WELCOME!

This is an ongoing US and global project to help enthusiasts, scholars, practitioners, and curious parties learn more about shamanic living in a contemporary culture. The space here is devoted to sharing info, experiences and opinions about all forms of shamanic expression covering shamanism's multiple permutations. Among subjects explored are traditions, techniques, insights, definitions, events, artists, authors, and creativity. You are invited to draw from your own experiences and contribute.

What is a SHAMAN?

MAYAN: "a technichian of the Holy, a lover of the Sacred." CELTIC: "Empower the people...by changing the way we think." MEXICAN APACHE: "Someone who has simply learned to give freely of themselves..." AUSTRALIAN ABORIGINAL: "...a teacher or healer, a wisdom keeper of knowledge... (who) takes people to a door and encourages them to enter." W. AFRICAN DIAGRA: "views every event in life within a spiritual context." HAWAIIAN: "...human bridges to the spiritual world and its laws and the material world and its trials..." QUECHUA INDIAN: "embodies all experience." AMAZON: "...willing to engage the forces of the Universe...in a beneficial end for self, people, and for life in general."

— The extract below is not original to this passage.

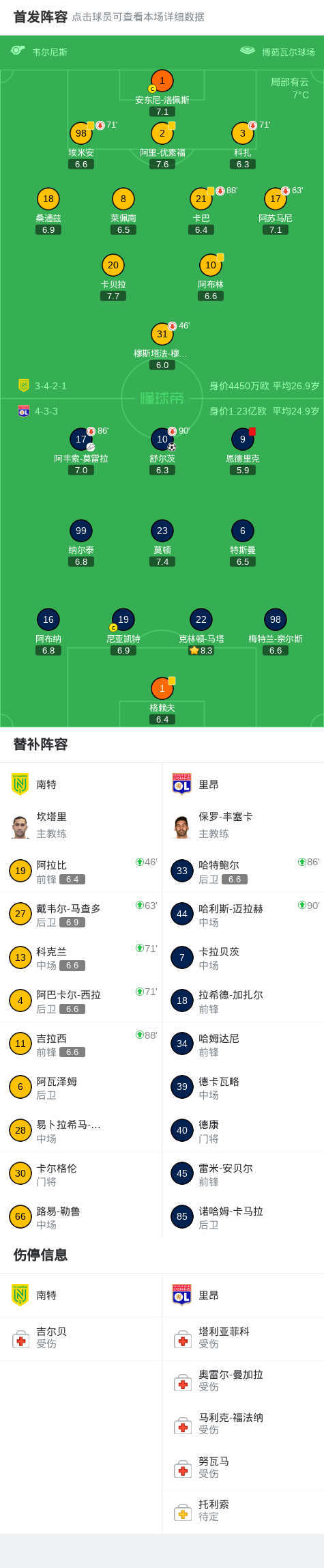 北京时间2月8日法国足球顶级联赛 联赛 第21轮,南特主场对阵里昂。里昂舒尔茨破门。最终比分南特 0-1 里昂。
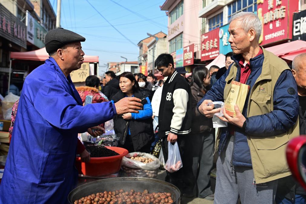 2月13日,一名摊主(左)在焦岱大集上与顾客交流。

-- from Travelers, Magicians and Shamans (Danny Paradise)

Wednesday, August 27, 2008

New Vision

NEW VISION
Seeing higher realms
In color coats they shift the walls
They do and don't exist
In radiant hues they penetrate
The spirits on the mundane breed
And I await in fascination's delivery room
Tending to
All the newborn elemental codes
They go fro and back and mate and multiply and paint for me
With senses splashed in colored brush blot sprays
They birth a smeary story I have never dared to read
How stabbing is the artist's sharpened tip
On my three-piece throbbing head
Mischievious is their play
Was it they
Or did I just prick myself?
Exhausted, weak from all the astral plasma spills
Something stays and through the point of skin abrazed
My loss is their gain
And now to turn illusion on its head
I see that I am different not
When I come back
Alive or dead or somewhere in between
I see
And the world sees back less worrisome to me

Wednesday, August 20, 2008

National Geographic Article

Shamanism finally going mainstream? Here is an article on Shamans and Ayahuasca in National Geographic, of all places. http://www.nationalgeographic.com/adventure/0603/features/peru.html

It involves the familiar story of an American, Hamilton, who had once lived in desperation and was called to the other realms by the inexplicable. He made his way to Peru and is now a practicing master shaman there.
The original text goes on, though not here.